Pursue your startup idea. If it works out, you're better off^ than if you had
gone to college. If it bombs, you can pick yourself up and go to college, and
you'll be a _better, more focused student_ by this time!

^If you still want to go to college for some reason after a successful
startup, you can. It's a hell of a lot easier to study anything when you don't
have bills to pay. Just don't get into debt of any kind pursuing your startup.
If this means living with your parents, so be it. You'll find out quickly
enough is people want your thing enough to pay for it.

------
chromejs10
I agree with Shantanubala.

Once you put school off, it will get much harder to return to it. I know a lot
of people who go "Oh i'll take time off and save up some money and go back in
a year or two" but they never do. Also be careful going to non-four yr schools
from the start.
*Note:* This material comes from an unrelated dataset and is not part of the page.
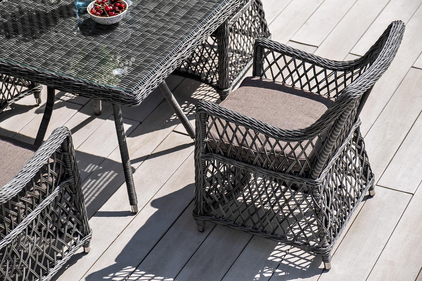 Комплет для обеденной зоны «Айриш» состоит из: - квадратного обеденного стола, размером - 900×900×750 мм. - 4 плетеных кресел - 550×660×850 мм. Каркас мебели выполнен из прочного и легкого алюминия, оплетенного вручную долговечным искусственным ротангом графитового цвета, столешница – закаленное стекло. На креслах предусмотрены подушки со съёмными влагоотталкивающими чехлами. Обеденная группа «Айриш» представлена также в соломенном, коричневом и бежевом цветах. Все изделия можно купить по отде "Айриш" стол плетеный из искусственного ротанга, цвет графит 1шт. 900Х900Х750, "Латте" плетеное кресло из искусственного ротанга, цвет графит 4шт. 550Х660Х850,

If you have the grades, it would be good to go to a state
school (cheaper). Tons of people go to community colleges (or some other pre-
college school) to save money, but end up getting stuck there because units
wont transfer or they can't get their classes. They end up spending way more
money. Might be better off to just be a student worker and take out some
loans.

You read about kids dropping out of college to pursue their business ideas,
but the majority of them fail. You'd be better off getting a dual degree in
say CS and business. School will allow you to develop your ideas further and
get the connections you need to get a job or start a business.

best of luck!

------
shantanubala
I'm also in my senior year of high school, and I'll say this: don't skip on
school. You'll have free time, and you can put that time into starting a
company. But first, you have to just play around with stuff, and you'll always
meet people in any school. Find people who share your passion, because they'll
help you continue forward. And keep doing stuff like FIRST -- it's fun, but it
also helps you tackle problems well. If you start building stuff for fun that
seems like it'll make money, you've found an alternative to school. But
unlimited free time sounds fun, but I guarantee you'll be getting the same
amount of work done if you go to school and work on stuff in your free time.
You may even produce better work because you won't "have the time" to
procrastinate.

But it's all a matter of preference. I'm not really any wiser than you. But
one question: does the idea of school sound appealing to you on its own?

------
fooandbarify
If you really have the itch, my vote is to take a year and go all-out
entrepreneur. I'm on the far side of an electrical engineering degree and by
the end of it an extra year one way or the other makes no difference, but the
amount of experience to be gained from just one year of trying to run a
business is invaluable. If school is a priority for you, set a benchmark for
yourself so that you are not tempted to drag along a failing business for
years instead of going to school.

If you don't have access to a good network of hackers (to be a part of your
team and to go to for advice), ignore what I just said. Go to school - a CS
degree is probably the best way for a young person to build up a network of
programmers.

------
eswelsh
>So the question is whether I pursue going to a two year technical school with
the plan on transfering to a four school for computer science? Or do I skip
school for a year and pursue developing my ideas into potential companies?

Even if you don't finish college, I think you'll find that the experience will
improve the quality of your ideas and your ability to execute them.

------
bootload
read _"What you'll wish you'd known"_ ~ <http://paulgraham.com/hs.html>

------
grizzlylazer
HS senior from hong kong here! recently graduated and heading to college in
the bay area in september. i think it's a great idea to take a gap year to
figure out what you want to do next. there is a lot you can do in one year. if
you really have a great idea, the pursue it!